Flow Crossover and Parallel Outflow during Collisionless Magnetic Reconnection

Abstract

Using particle-in-cell simulations that label ions and electrons according to their initial inflow region, we find that during 2D collisionless magnetic reconnection, the bulk flow of the plasma from each inflow side crosses paths with plasma from the other inflow side and crosses the midplane before being redirected into an outflow jet. This feature, which we term “flow crossover,” implies mechanisms to generate bulk motion in a direction parallel to the magnetic field. We find that ions and electrons undergo different parallel driving mechanisms, leading to different flow crossover patterns. The parallel bulk flow for ions is generated more locally within the ion diffusion region, whereas the parallel bulk flow for electrons is mostly generated outside the electron diffusion region. Consequently, the reconnection outflows are more of a parallel flow than a perpendicular flow, especially for the electron outflow.
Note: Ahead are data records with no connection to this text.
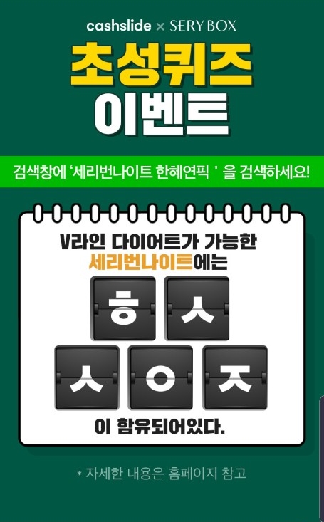 캐시슬라이드는 4일 “V라인 다이어트가 가능한 세리번나이트에는 ㅎㅅㅅㅇㅈ이 함유되어 있다”라는 실시간 초성퀴즈를 냈다.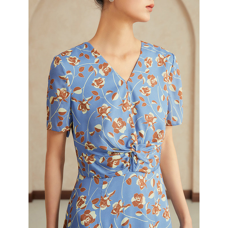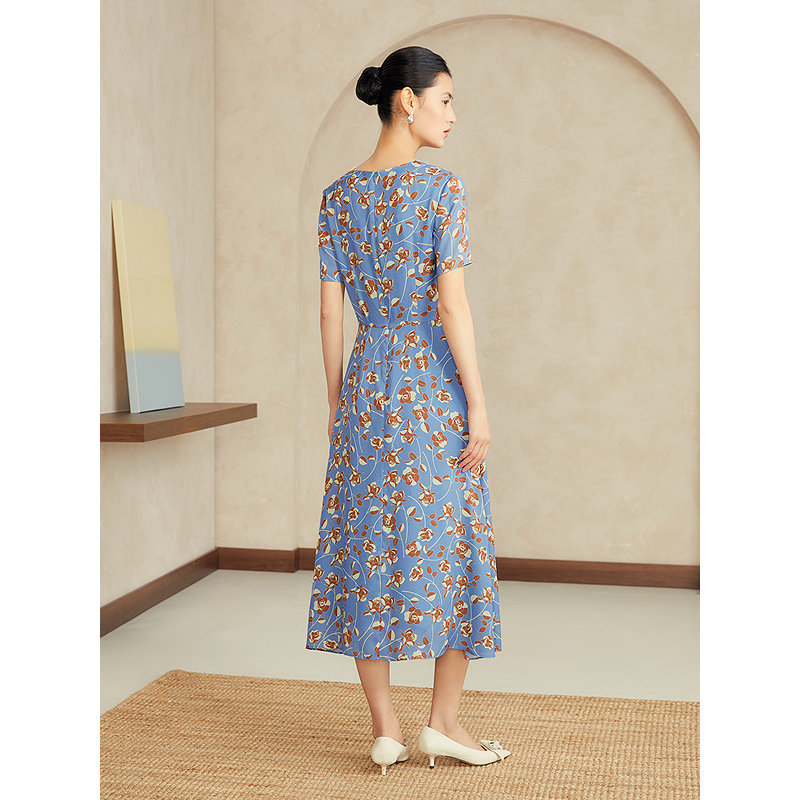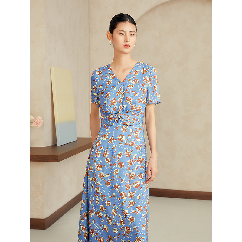 【真丝系列】YINER音儿专选2025夏季新款弹力桑蚕丝印花V领连衣裙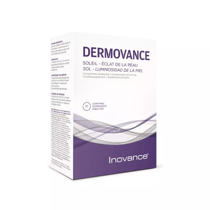 INOVANCE DERMOVANCE es un complemento alimenticio en forma de 30 comprimidos, diseñado específicamente para apoyar la salud de la piel y contribuir a su mantenimiento adecuado. Su fórmula incluye ingredientes activos que ayudan a mejorar la hidratación y el aspecto general de la dermis, favoreciendo la regeneración celular.
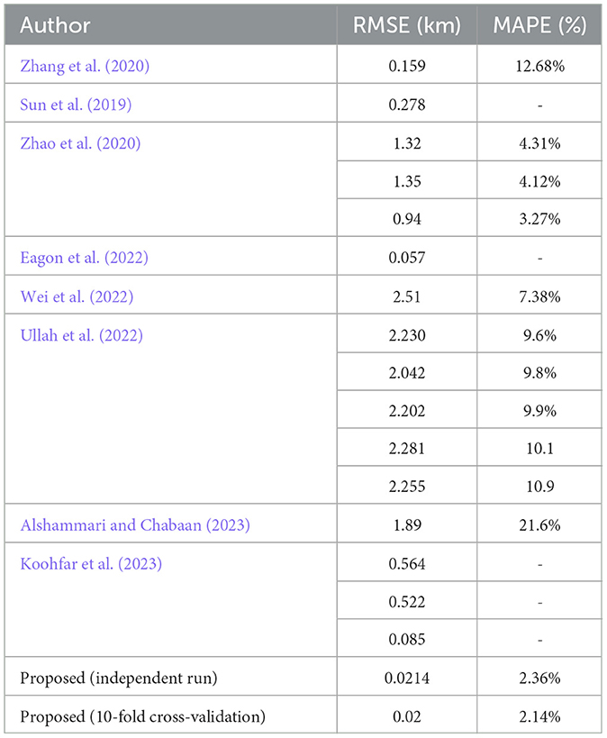 The RMSE of the proposed method is 0.0214 km when compared with other methods; the value is highly reduced. The proposed method reduced the RMSE to 6.36% with a transformer architecture and 3.56% with two recurrent neural networks.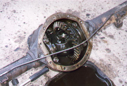 With the axle off the car, the rear diff cover was removed and the old oil was tipped out. This job is otherwise very tricky so it is a good idea to do it with the axle off the car. Inspection of the diff showed everything to be normal. The oil was a bit sludgy but this was flushed out and replaced and the cover (cleaned and repainted) was refitted with a new paper gasket.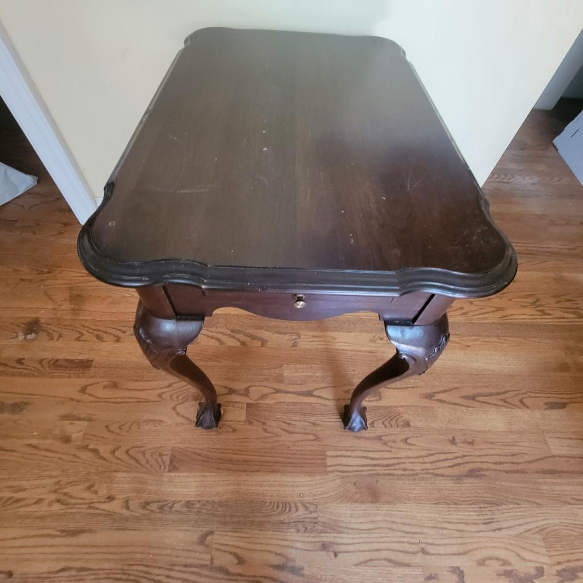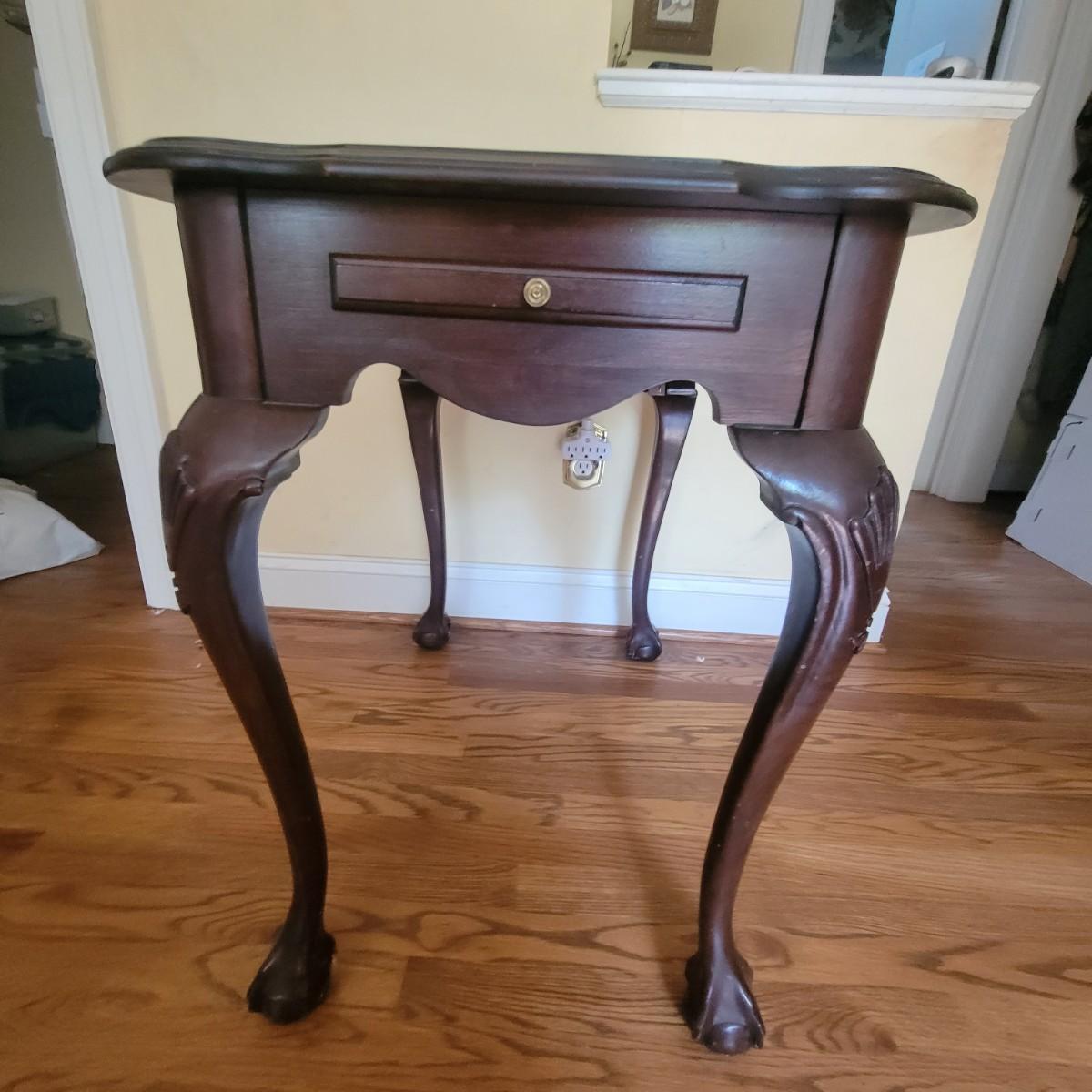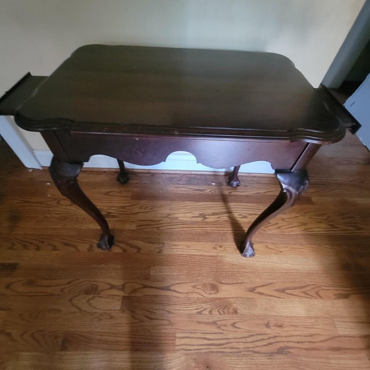 Claw foot wooden writing table with 2 pull out surfaces, crafted by Ethan Allen. Table does have some scratches, see photos. Measures approximately 19" x 29" x 26". Local pickup only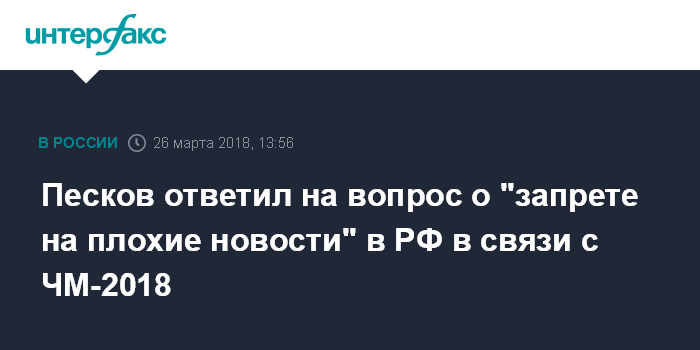 Песков ответил на вопрос о "запрете на плохие новости" в РФ в связи с ЧМ-2018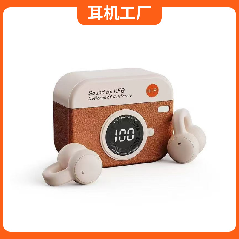 Главная страница > Q87 ретро-камера, зажим для ушей, Bluetooth-гарнитура, ретро-кожаная текстура, длительный срок ношения без боли, гарнитура с цифровым дисплеем высокой четкости с костной проводимостью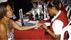 (4) Patrice Peralto (left) makes use of the medical tests conducted at the event.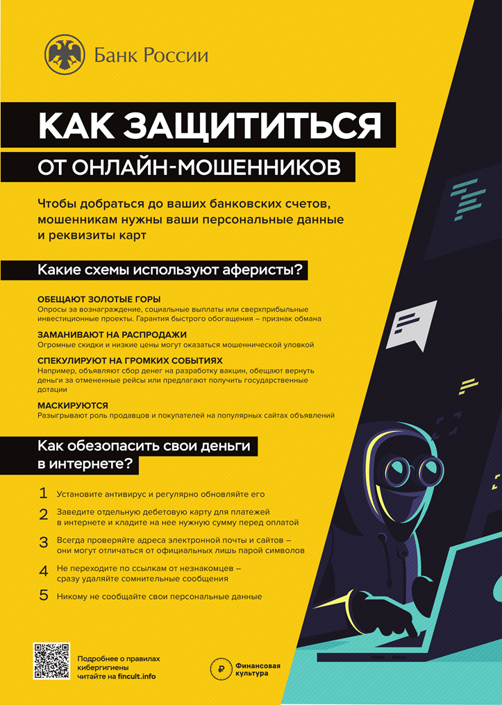 В информационных материалах даны рекомендации как защитить свои персональные данные, как защититься от телефонных и онлайн-мошенников, что делать, если с карты украли деньги.
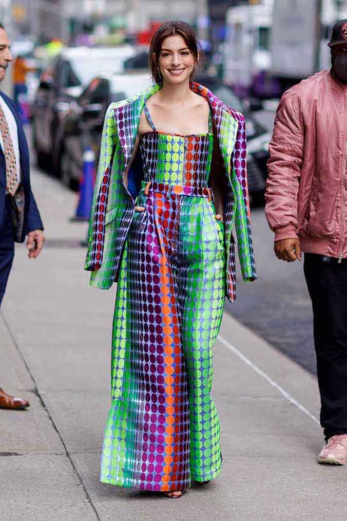 Durante su aparición en The Late Show con Stephen Colbert, Anne utilizó un palazzo conformado en la parte de arriba por un corset en tonos verdes, rojos y naranjas; una pieza que balanceaba a la perfección el street style y el print de la década de los setentas, según expertos de Harper’s Bazaar. Este conjunto fue una creación de Christopher John Rogers, diseñador que se ha convertido en una figura clave del mundo de la moda, y que también ha vestido a personalidades famosas como Michelle Obama, Kamala Harris, Lizzo y Rihanna.

The flow crossover and the parallel outflow patterns occur not only in symmetric reconnection but also in the more complex scenario of a guide-field asymmetric reconnection, suggesting that it is a general feature of collisionless magnetic reconnection. Because the plasma outflow on one side of the midplane mostly originates from the inflow plasma on the other side, we predict that near an asymmetric reconnection site in a collisionless space plasma, in situ observations across the outflow region could reveal locally reversed gradients in plasma properties. These results are potentially important for quantifying transport across the dayside magnetopause of Earth and other planets and the energy partition in reconnection, including electron and ion heating.